By Eden Tafesework
The world is currently passing through a period where multilateral engagements (with states of the world but also global institutions) is being challenged. This can clearly be observed in regional and sub-regional institutions with operations in different areas. In this sense, the Western interpretation of multilateralism (G. John Ikenberry) is that liberal internationalism is “captured” in a cluster of five conditions; openness in terms of trade and exchange; commitment to a rules-based set of relations; some form of security co-operation; the idea that power politics can be ‘tamed’ by building stable relations in pursuit of mutual gains; and finally, that liberal internationalism will foster the spread of liberal democracy’’.
The global system now faces major challenges in political, economic and, social spheres. The underlying factors contributing for this may be multiple such as major power revelries like the Russia and Ukraine altercation, national conflicts that have long ranging consequences like the Ethiopian civil war, and also the socio-economic consequences of COVID 19 pandemic, can pass as major contributors. In this respect, this period may have put the global institutions established with the view to easing such tensions, like the UN & EU, to question in light of the ineffective implementation of setout objectives. Because the decisions made by these institutions over time have been influenced by political interests, they could be pressured to prioritize specific interests.
The same worry goes when looking at sub-regional institutions like the Intergovernmental Authority on Development (IGAD) and Eastern African Community, Common Market for Eastern and Southern Africa (COMESA). This is to be seen especially when considering the responding to ongoing tensions and conflicts that may have wider implications. Even though, such institutions are instrumental in flag-shipping issues of concern before concerned global parties, the politicization of their efforts has made their roles to be obsolete. Additionally, the minimum political will vested to them, especially relevant to sub-regional organizations – can threaten the institution from passing concrete decisions.
This is notwithstanding the appreciable role played by such global institutions in several spheres of specialization. Whether in facilitating the economic recovery of states, in reliving the debt burden of country’s with debt burdens, or facilitating lending possibilities to those states with foreign currency shortages, the global structures erected have had positive outcomes for the most part. Nonetheless, as their very establishment is propounded by big powers with strong economic backup, they have played mixed roles besides their objectives.
For the countries passing through periods of political instability (Sudan, Ethiopia, Niger, Gabon, Guinea, Bissau), rather than being used as instruments of stability and order, they have for the most part been used instruments of support to one side over the other. This has been most pronounced in the conflict between Russia and Ukraine.
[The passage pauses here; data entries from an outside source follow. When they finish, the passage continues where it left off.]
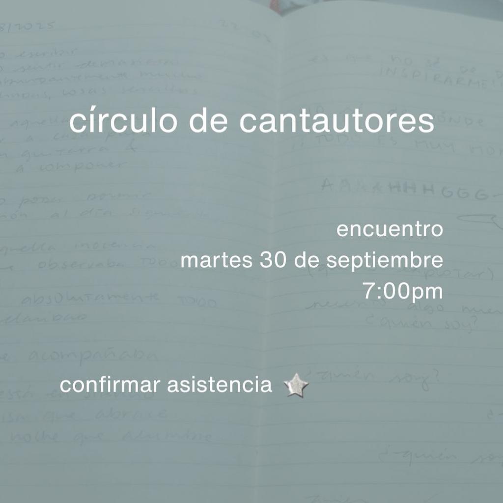 Si eres cantautor/a y quieres ser parte de un espacio para compartir junto a otros cantautores escríbenos al DM. Este espacio es íntimo y cuidado para compartir nuestras canciones.
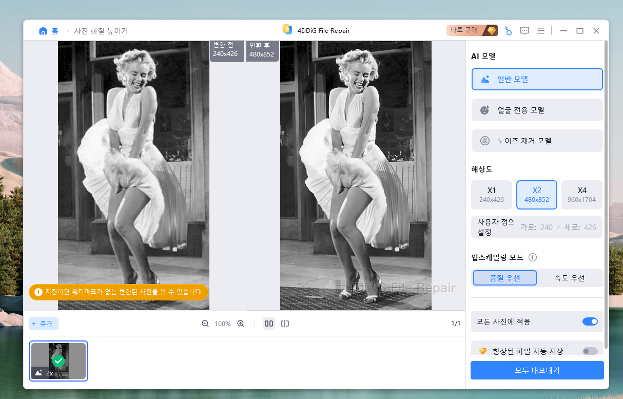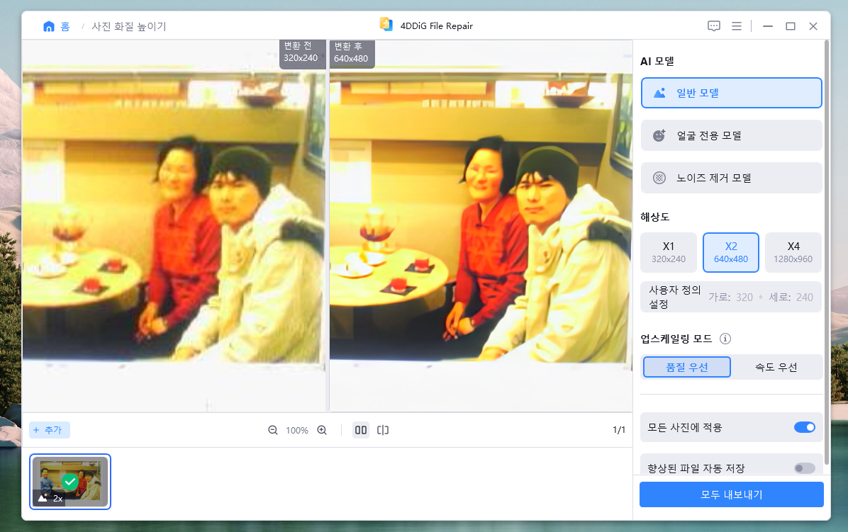 옛날 흑백사진이고 해상도도 낮은데, 4DDiG File Repair 프로그램으로 사진 해상도도 높일 수 있습니다. 원클릭만으로 손상되어 흐릿해진 이미지를 화질 개선하여 선명하게 만들어 줍니다.
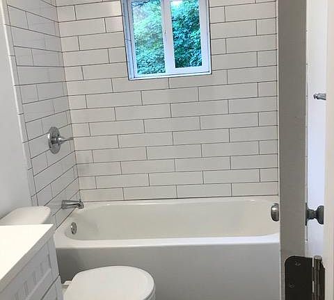 Newly updated light and bright apartment, wide plank pine floors, new bathroom and kitchen. Nice sized bedroom. Open kitchen, dining, and living area. Apartments are in seven acres of woods, 4 minutes to center of Woodstock. Common garden areas and fire pit/barbeque areas. No smokers. One unit will be available 9/1 and another one on 9/15. Pictures are of similar unit. Available unit has vaulted ceiling. Possible rent reduction for help with management. One year lease. Could be 9 or 10 month lease.
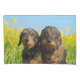 Dos adorables perros de alambre de color jabalí con el pelo adachshund lado a lado frente a las flores amarillas de las flores de las violaciones. Una linda y divertida foto de doggy tomada por Katho Menden. Este acogedor funda de almohadas es una idea de regalo para los amantes de los perros. http://www.zazzle.com/kathom_photo Si estás viendo un diseño que no está disponible en tu producto deseado, por favor no dudes en contactarme a través de mi tienda y crearé el producto para ti lo antes posible.
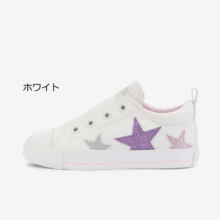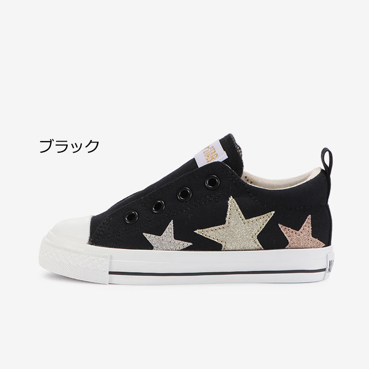 ギフト対応 ※メーカー希望小売価格はメーカーサイトに基づいて掲載しています (記載価格が税抜き価格になっている場合もございます)【コンバース converse / キッズ / スニーカー】 ◆ 商 品 説 明 ◆ □□□当店で販売しております商品はすべて【正規取扱品】です□□□ コンバース (CONVERSE) キッズ・ジュニアスニーカー [CHILD ALL STAR N GLITTERSTAR SLIP OX]です。

Because developing countries in the global South are recipients of aid, they are not willing to forsake their long-term needs, in terms of commodities, trade ties, economic support packages.
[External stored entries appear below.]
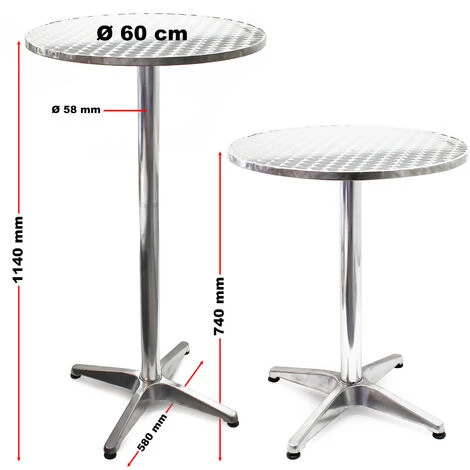 | Dimensions | Hauteur: 70-110 cm Dessus de table: Ø 60 cm Tube support : Ø 63 mm Pieds d’appui : 580 mm |
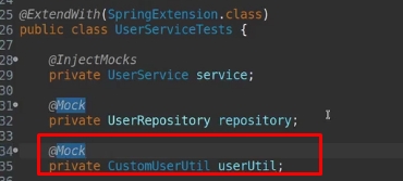 Precisamos mockar o CustomUserUtil criado anteriormente, para que possamos fazer o teste unitário.
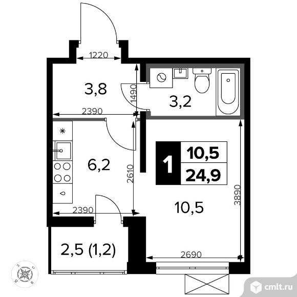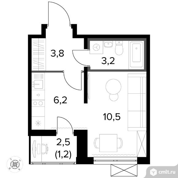 1-комнатная квартира 25,2 кв.м

For Ethiopia, the three year conflict with the Tigrayan Liberation Front (TPLF), also passed through several phases in which Western influence through multilateral institutions the country ascribes to were most prevalent. In this respect, the pressures threatened, were somehow successful when considering the Cessation of Hostilities Agreement (CoHA) or Pretoria Agreement, signed on November 2, 2022 where both sides agreed to silence-the-guns with the view to solving their disputes through political means.
Since then, the country is in the process of its post-conflict recovery, in which attention is being devoted to its economic recovery, disarmament, reintegration, demobilization. In this regard, even though the process needs to be seen through slowly and with due caution, the utmost need of its economic recovery must be prioritized due to the country’s default on its missed debt coupon payment that nears $33m on its Eurobond.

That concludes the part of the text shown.